ハイ、それでは、三国志の世界をいろいろな角度から掘り下げていく「ろひもと理穂の三国志・これが起きたら時代は変わった!」のコーナーです。
「狼顧の相」を持ち、曹操からも曹丕からも「あの男は誰かに仕えるような器ではない。大望を秘めているだろう」と警戒され続けたのが、司馬懿仲達です。

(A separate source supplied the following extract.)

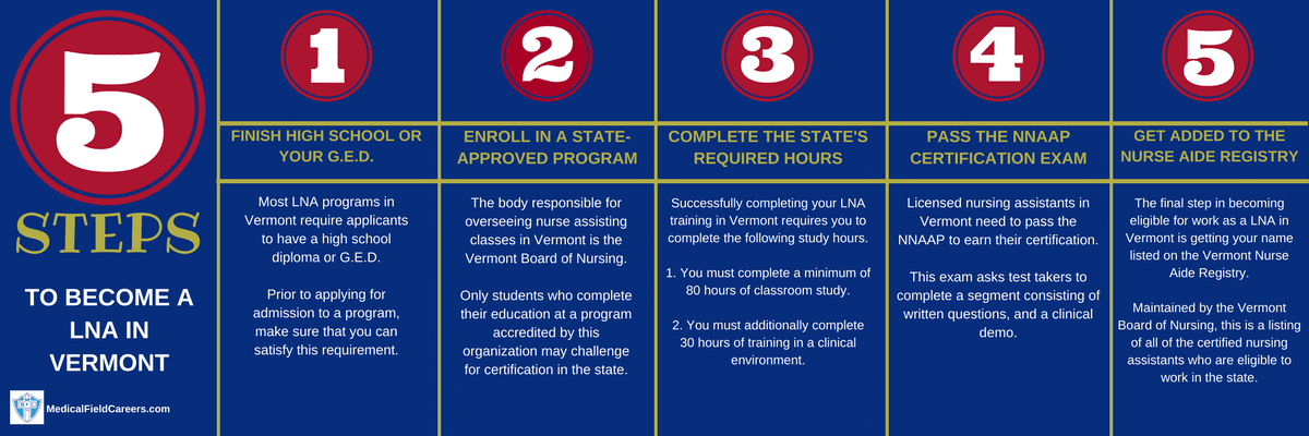 LNA programs in Vermont must be accredited by the Vermont Board of Nursing. To get your LNA certification or a chance to become a MNA in Vermont, you will have to finish accredited education in nurse assisting.

軍略においてはあの諸葛亮孔明と互角。兵を率いても幾多の武功を積み上げ、三国志の中では優れた英雄の一人に数えられます。そんな司馬懿があの「赤壁の戦い」に参加していたら、勝敗は変わっていたのでしょうか。気になりますね。それでは妄想をしてみましょう。
仕官のタイミング
曹操は司馬懿の才能をずいぶん昔から見抜いています。能力のある家臣を集めている曹操にとっては、司馬懿はぜひとも自分の陣営に組み込みたい一人です。しかし肝心の司馬懿の方がそれを拒否しています。つまり曹操に仕えることに魅力を感じていないわけです。
「逃げたら殺す」とまで曹操は司馬懿にプレッシャーをかけています。ここまで執拗に司馬懿にこだわる理由はいくつか考えられますが、一つはこれほどの才能の男を野放しにしておくと危険だというものです。他の群雄に仕える可能性もあります。そうなると脅威です。
仕えないのなら殺せという命令はそんな曹操の気持ちの表れではないでしょうか。ちなみに曹操が丞相に就任した208年6月には、観念して曹操に仕えることを誓っています。曹操は翌月に15万の兵を率いて荊州に攻め込みました。そして10月に「赤壁の戦い」が繰り広げられるわけです。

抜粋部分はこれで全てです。